Tainá Guedes / Kathrin Koschitzki
Mottainai is a concept from Buddhism and encompasses a respect for all things and the desire to treat them accordingly, wasting nothing. Tainá Guedes first encountered mottainai when she travelled to Japan. With a diploma in gastronomy and several years’ experience cooking in a Japanese restaurant, she wanted to study and learn traditional Buddhist shojin ryori, ‘devotion cuisine’.

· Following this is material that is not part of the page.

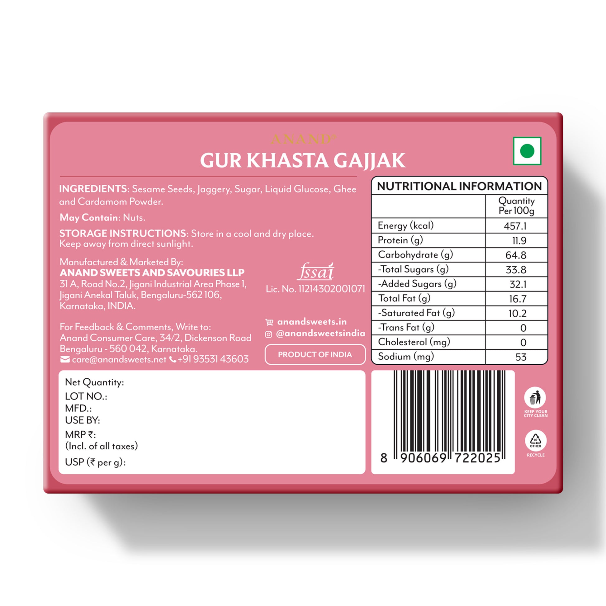 Store the Gur Khasta Gajak in an airtight container at room temperature for up to 60 days. Keeping it in a cool, dry place ensures it stays crisp and fresh.

Tainá Guedes now shows what mottainai means to her and how she combines the concept with her own ideas about happy, healthy contemporary cooking. In ten chapters and 50 recipes she takes us on an inspiring and very personal journey through her cooking universe, where a greater awareness of healthy living and eating does not stand in the way of creativity and pleasure but complements them beautifully.
Tainá Guedes was born in São Paulo in 1978; her mother is Japanese and her father a Brazilian artist. She qualified as a chef at the prestigious Centro Universitário Senec, opening her first Japanese restaurant while still a student. Later Guedes travelled to Japan to study traditional vegetarian shojin ryori. Guedes has run Entretempo Kitchen Gallery in Berlin since 2014, an art gallery with integrated kitchen, devoted to food art and exploring the social significance of food. Tainá Guedes lives with her son in Berlin.